Le secteur de l’agroéquipement englobe une grande variété de matériels, utilisés pour les travaux agricoles mais également pour l’entretien des espaces verts. Cette grande diversité, à laquelle s’ajoute celle des systèmes de production et des pratiques agriculturales, rend difficile l’étude du secteur des agroéquipements dans sa globalité.
Toutefois, la quasi-totalité des exploitants agricoles possèdent au moins un tracteur. Par ailleurs, les tracteurs représentaient en 2022 environ 40 % du chiffre d’affaires du secteur de l’agroéquipement et constituent une part importante des coûts de production des exploitations agricoles françaises, la traction figurant comme le premier poste de dépense parmi les charges de mécanisation et ces dernières représentant environ un quart des charges d’exploitation des agriculteurs. Enfin, les tracteurs représentent en valeur la principale famille d’agroéquipements produite en France.
Dès lors, l’Autorité a estimé pertinent de concentrer son analyse sur les tracteurs.
À titre liminaire, l’Autorité partage le constat de la commission des affaires économiques du Sénat de hausse importante du prix des tracteurs depuis 2020. Si cette hausse s’est inscrite dans un contexte général inflationniste, elle est également susceptible de résulter d’autres facteurs propres au secteur, tels que les besoins croissants des exploitants agricoles (notamment en termes de puissance des tracteurs et de services connectés) et l’application de nouvelles normes.

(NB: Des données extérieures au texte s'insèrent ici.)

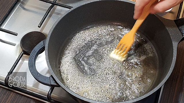 11. Mniej więcej w połowie smażenia, trzeba przyprawić solą i pieprzem.
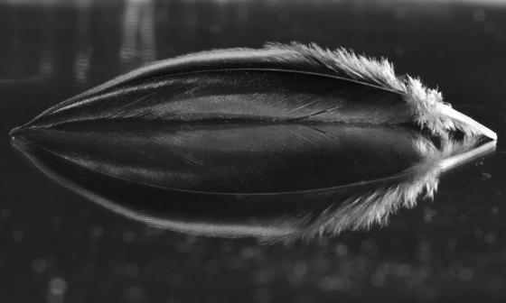 Mirrored image of a chickadee feather
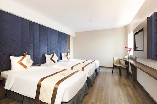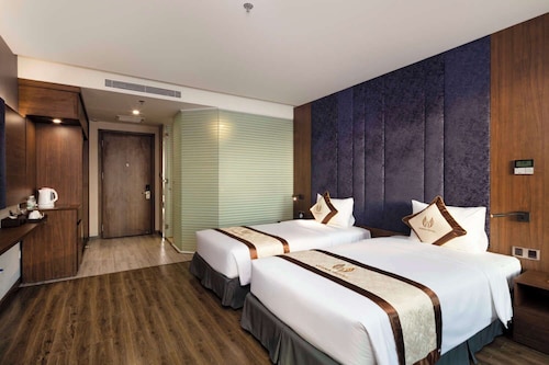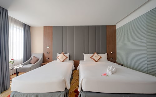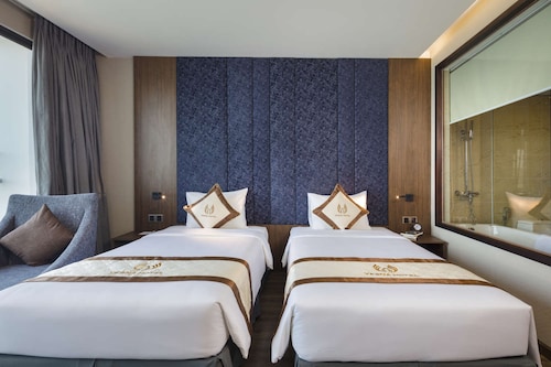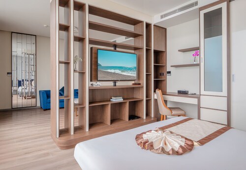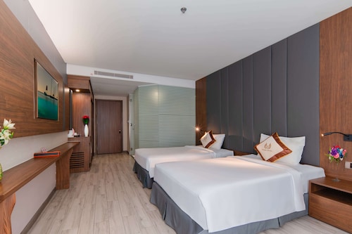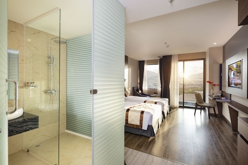 ニャチャンにあるファミリー向けのこのホテルは、海沿いに位置し、ルイジアナ ブルーハウスおよびニャチャン ナイト マーケットから 2 km 圏内です。エイプリル 2 スクエアおよびトラム フォーン タワーも 2 km 圏内です。 この禁煙のホテルには、フルサービス スパ、屋内プール、およびレストランがあります。共用エリアでの WiFi (無料)、バレーパーキング (無料)、およびビーチシャトルサービス (無料)もご利用いただけます。 その他に、敷地内にはフィットネスセンター、バー / ラウンジ、およびプールサイドバーがあります。
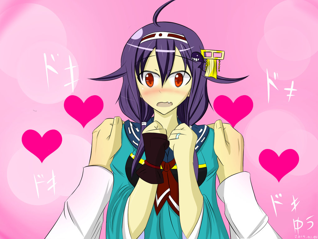 Description: A girl with purple hair and a blue dress holding a cell phone in her hands and a pink background with hearts.
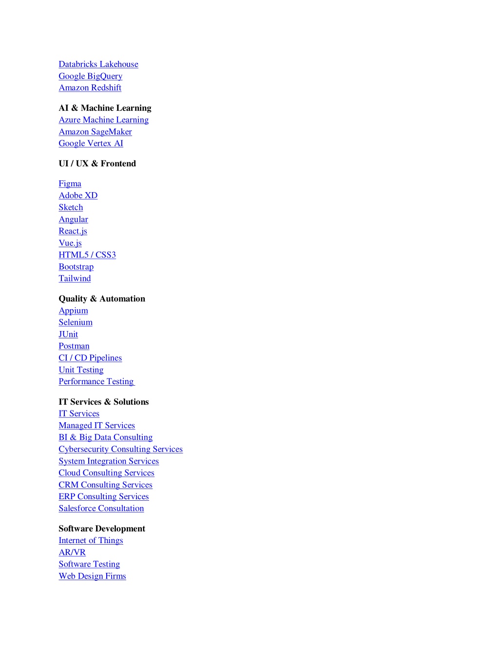 Databricks Lakehouse Google BigQuery Amazon Redshift AI & Machine Learning Azure Machine Learning Amazon SageMaker Google Vertex AI UI / UX & Frontend Figma Adobe XD Sketch Angular React.js Vue.js HTML5 / CSS3 Bootstrap Tailwind Quality & Automation Appium Selenium JUnit Postman CI / CD Pipelines Unit Testing Performance Testing IT Services & Solutions IT Services Managed IT Services BI & Big Data Consulting Cybersecurity Consulting Services System Integration Services Cloud Consulting Services CRM Consulting Services ERP Consulting Services Salesforce Consultation Software Development Internet of Things AR/VR Software Testing Web Design Firms

L’Autorité s’est par ailleurs attachée à examiner le fonctionnement concurrentiel du secteur des tracteurs, afin de déterminer si d’éventuels facteurs étaient de nature à en limiter l’intensité concurrentielle.
L’Autorité relève, tout d’abord, que les marchés amont de la production et de la commercialisation de tracteurs présentent une structure oligopolistique, avec une concentration marquée autour de quatre principaux acteurs (AGCO, John Deere, CNH et CLAAS) qui totalisent ensemble près de 90 % des parts de marché. Ces marchés se caractérisent également par de fortes barrières à l’entrée, liées notamment à l’importance des investissements nécessaires.

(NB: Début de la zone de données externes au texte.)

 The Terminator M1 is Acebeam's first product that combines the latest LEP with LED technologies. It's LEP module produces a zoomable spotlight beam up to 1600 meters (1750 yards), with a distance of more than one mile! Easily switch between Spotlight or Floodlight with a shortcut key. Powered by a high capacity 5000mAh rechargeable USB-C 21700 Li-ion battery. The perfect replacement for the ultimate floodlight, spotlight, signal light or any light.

De plus, ces marchés sont relativement transparents en raison de la mise à disposition par l’Agence nationale des titres sécurisés d’informations relatives aux immatriculations des tracteurs, qui peuvent ensuite être reprises par différents opérateurs tiers pour fournir des statistiques aux constructeurs ou aux opérateurs actifs sur le marché aval de la distribution. À ce titre, l’Autorité rappelle dans son avis les règles applicables aux échanges d’informations commercialement sensibles, notamment lorsqu’ils portent sur des données passées.
S’agissant, par ailleurs, des marchés aval de la distribution et de la réparation de tracteurs, l’Autorité relève que ces marchés se caractérisent par une forte exigence de proximité entre le client et son concessionnaire, ce dernier assurant généralement le service après-vente.

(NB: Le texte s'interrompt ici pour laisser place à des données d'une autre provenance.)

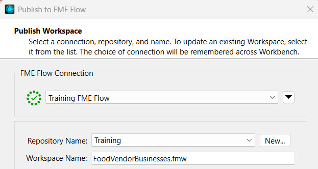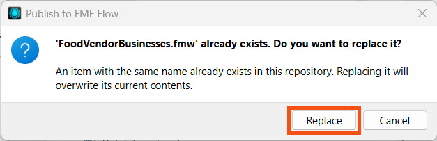 Frank publishes his workspace to FME Flow. He replaces his existing workspace, FoodVendorBusinesses.fmw, in the Training repository by overwriting it.
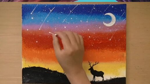 Живопись акрилом🎨 Рисуем оленя с помощью полиэтиленовой пленки🦌
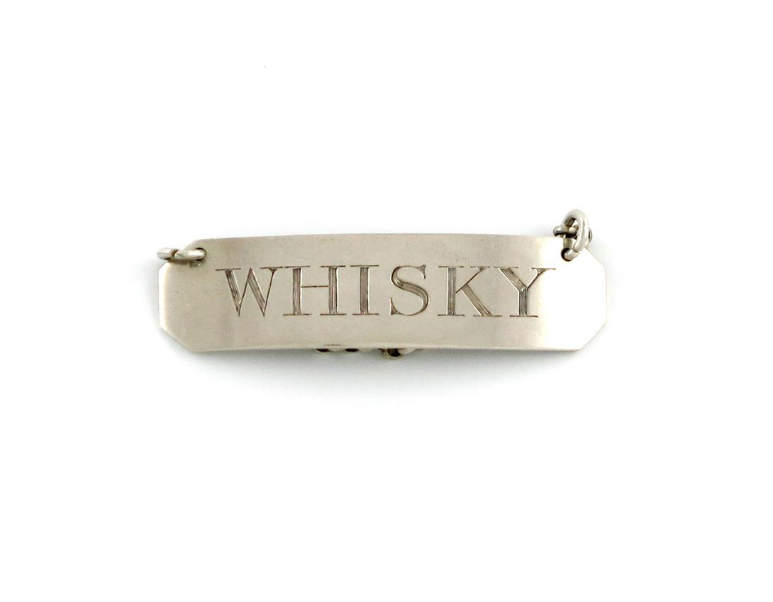 rectangular form, canted corners, incised 'WHISKY', length 5.5cm, approx. weight 0.3oz.
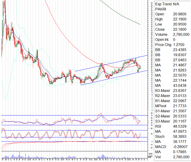 NOTE: PAKRI Prices took a rebound after retesting its support line of its bullish weekly channel and now have become stuck between its 50% to 61% Correction area. Its also getting a resistance from its 100 weeks moving average 22.27 so may be it will take a dip from these prices so that will be a best 0ppertunity to buy PAKRI other wise if it will become able to close above 22.27 area then it will also be a good sign for PAKRI to continue in bullish sentiment. so its recommend to start buying PAKRI and add average on each dip with profit target at 26.76.

Ce résumé a un caractère strictement informatif. Seuls font foi les motifs de l’avis numérotés ci-après.
Par ailleurs, la distribution des tracteurs est organisée par les constructeurs via un réseau de concessions généralement exclusives : le distributeur est le seul à pouvoir vendre des tracteurs d’une marque donnée dans une zone définie par le contrat de concession, de sorte que la concurrence intra-marque est fortement limitée (circonscrite aux ventes passives, dont les ventes en ligne).
S’agissant plus particulièrement du marché de la distribution, qui est de dimension locale, bien que les réseaux de distribution des constructeurs couvrent une très grande partie du territoire hexagonal, certaines zones peuvent néanmoins rester insuffisamment couvertes, avec potentiellement, dans certaines zones locales, un nombre d’opérateurs limité, voire réduit à un seul. De plus, ce marché se caractérise par d’importantes barrières à l’entrée (nécessité pour un opérateur de conclure un contrat de concession, de disposer d’importantes capacités financières pour l’achat ou la location d’entrepôt et de recruter des techniciens qualifiés notamment). Compte tenu de ces éléments, il ne peut être exclu que des opérateurs détiennent une position dominante dans certaines zones locales. L’Autorité estime donc nécessaire de rappeler la responsabilité particulière qui incombe à un opérateur en position dominante et précise notamment que l’opérateur doit veiller à ne pas entraver le fonctionnement concurrentiel du marché, par exemple en s’abstenant de favoriser les membres de son réseau de distribution pour l’accès aux intrants nécessaires aux opérations d’entretien et de réparation.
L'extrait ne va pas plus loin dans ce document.